- [Supplied information]
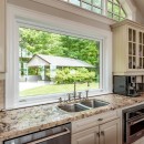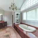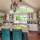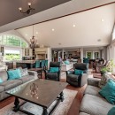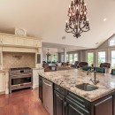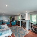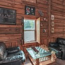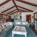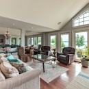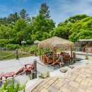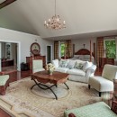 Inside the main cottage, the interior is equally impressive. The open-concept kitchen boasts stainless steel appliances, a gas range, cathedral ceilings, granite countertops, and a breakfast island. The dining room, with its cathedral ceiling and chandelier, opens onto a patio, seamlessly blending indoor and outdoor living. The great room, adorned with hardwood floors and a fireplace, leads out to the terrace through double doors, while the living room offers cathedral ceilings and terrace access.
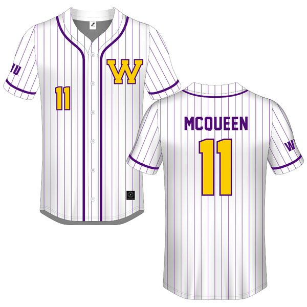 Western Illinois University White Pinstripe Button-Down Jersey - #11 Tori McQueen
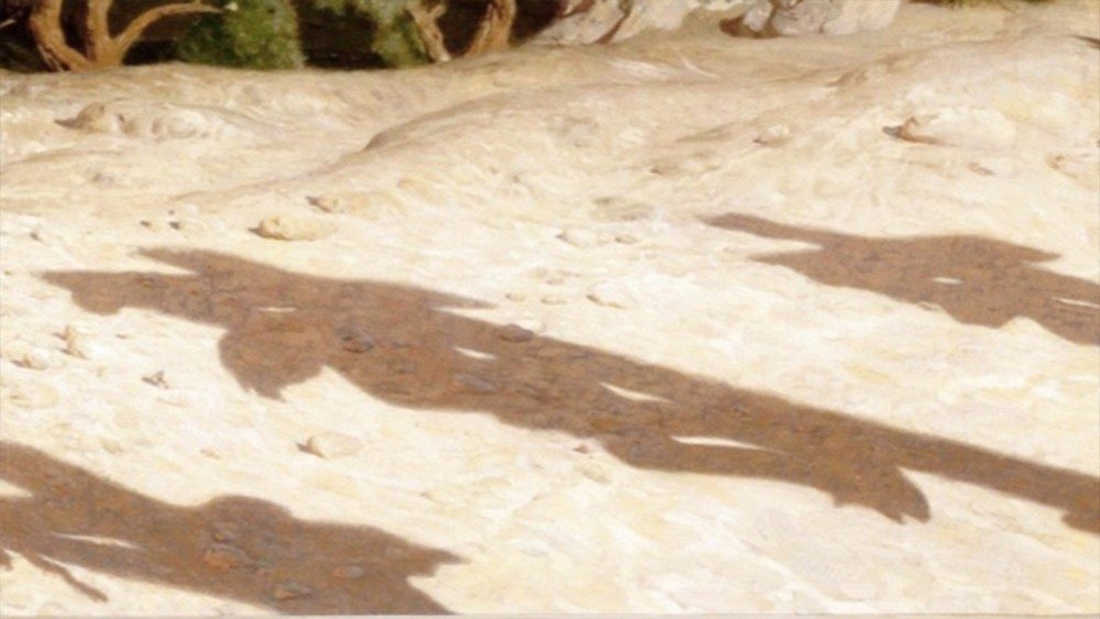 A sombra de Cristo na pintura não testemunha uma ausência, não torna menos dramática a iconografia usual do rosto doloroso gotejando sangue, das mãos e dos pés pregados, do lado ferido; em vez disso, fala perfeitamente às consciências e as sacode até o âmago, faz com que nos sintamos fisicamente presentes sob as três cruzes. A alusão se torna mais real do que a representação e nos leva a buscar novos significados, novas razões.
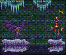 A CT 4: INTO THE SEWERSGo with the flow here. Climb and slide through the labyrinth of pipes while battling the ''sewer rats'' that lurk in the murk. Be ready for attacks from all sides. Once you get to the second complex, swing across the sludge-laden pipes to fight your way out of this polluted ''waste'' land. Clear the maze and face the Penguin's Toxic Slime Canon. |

- [Assignment]
Pictures are to be left out; otherwise, retype exactly the lines from the first line of the data through the line containing "Western Illinois University".

- [Exercise solution]
 Inside the main cottage, the interior is equally impressive. The open-concept kitchen boasts stainless steel appliances, a gas range, cathedral ceilings, granite countertops, and a breakfast island. The dining room, with its cathedral ceiling and chandelier, opens onto a patio, seamlessly blending indoor and outdoor living. The great room, adorned with hardwood floors and a fireplace, leads out to the terrace through double doors, while the living room offers cathedral ceilings and terrace access.
 Western Illinois University White Pinstripe Button-Down Jersey - #11 Tori McQueen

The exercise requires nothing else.